When asked for her response to that statement, McElhaney reiterated, "They were grabbing Michael's purse. As a person who's been an advocate, it's much easier to charge murder than murder with a hate crime enhancement because the bar is much lower to prove. We saw that with the Will Simms murder. We felt that was a hate crime, certainly, people felt confident he was targeted for his race, but race as an enhancement would make it more difficult to prove than just murder. How horrible: just murder."

Simms was a Black Richmond musician who was killed in El Sobrante in 2016. According to an article in the East Bay Times, prosecutors initially charged the case as a hate crime but a grand jury later found insufficient evidence a hate crime had been committed.

In the Victor McElhaney case, Hernandez was arraigned July 2, 2019 on charges of murder and attempted robbery. The special circumstances of murder while attempting a robbery and murder while participating in a street gang were added. As he awaits trial, Hernandez is being held without bail at North County Correctional Facility in Castaic, according to Los Angeles Sheriff's Department records.

"2019 is such a blur," Lynette McElhaney said.

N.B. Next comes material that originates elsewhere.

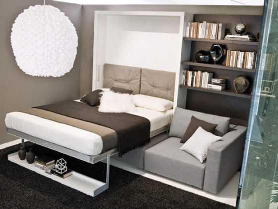 Ещё одно немаловажное правило подбора мебели для свободной планировки в малогабаритных квартирах — функциональность. Любой предмет должен быть полезен. Журнальный столик трансформируется в большой обеденный стол. Диван может использоваться в качестве кровати. Встроенный шкаф при необходимости включает в себя специальные приспособления для возможности ежедневной эксплуатации самых дальних участков.

Victor McElhaney, left, and Michael Davis in an undated photo shared by Victor's mom, Oakland City Councilwoman Lynette McElhaney. Photo: Courtesy Lynette McElhaney/used with permission  

Moving forward
McElhaney took time off of work on the Oakland City Council to grieve her son. She said her husband, Clarence, finally got to meet Davis after Victor McElhaney's death.

"My husband got to meet Michael at the morgue, and his embrace of Michael was so absolute and so beautiful," McElhaney said. "I wish Victor could see how Michael was embraced by the family so lovingly."

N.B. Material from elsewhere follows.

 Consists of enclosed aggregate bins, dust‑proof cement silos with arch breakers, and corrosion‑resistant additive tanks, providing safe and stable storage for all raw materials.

Davis has become a dear family friend, McElhaney said. She came to visit recently and they celebrated Oakland Pride together the weekend of September 12-13.

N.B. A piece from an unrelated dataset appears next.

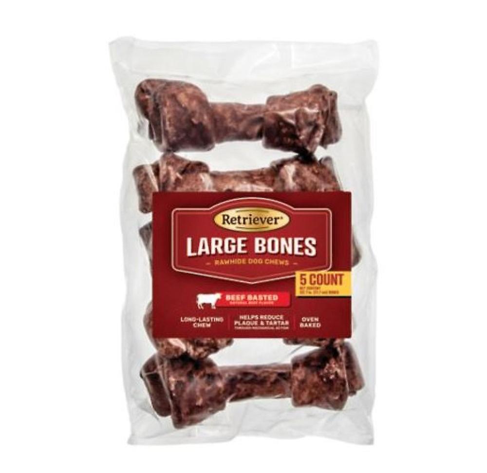 Retriever Large Bones 482TSC 7" Natural Beef Basted Rawhide Dog Chews - 5 Count

"I will conscientiously this year celebrate Victor in all his Oakland-ness," Lynette McElhaney said. "I just felt he was a rainbow. I wanted everyone sad or sick to see Victor: come on, he'll make you happy."

In a follow-up interview September 15, McElhaney said she enjoyed watching parts of the virtual Oakland Pride weekend.

"I don't see him enough," she said of Davis and his recent visit. "We had the chance to snuggle for a bit — I'd break my COVID rules for that child."

Lynette McElhaney said she invited Davis to join her in competitive bartending against John Bauters, the gay Emeryville councilman, at a function for the East Bay Stonewall Democrats.

"[Last year] they showed up in beautiful biker shorts and a T-shirt, looking all fit and sexy, and they were getting all the tips," she said. "And I said 'Oh, I see how this goes — you just wait.'"

Davis said she enjoyed her visit to Oakland and comes to the Bay Area frequently to help with the healing process.

"My weekend was great. I've been going up for spiritual treatment," Davis said. "After Vic's transition [passing] he's been really pushing me into growing myself more spiritually and having the tools to maintain a relationship with Vic and with myself. ... It's been interesting for me to watch how everyone else has reacted and experienced Vic, just because he stood strong in his queerness, and not just that, but he was really pushing how we perform identity, how we experience ourselves on the spectrum, and Vic didn't just do that for his own shit, but for everyone else. I don't think there's ever a time, then and now, when Vic isn't challenging the whole and how everything fits."

Lynette McElhaney said that her son's death has steeled her resolve to fight on behalf of the queer community on the City Council.

"Shortly before he was killed, he did a screening of the movie 'Moonlight' and used it to have a deeper discussion in the Black community about homophobia," she said. "He enhanced my ability to see how homophobia was showing up. He said 'Mommy, we have to do more.'"

Lynette McElhaney said she looks up to her son.

"I just want to tell parents: love your baby, love them without reservation," she said. "I miss those moments."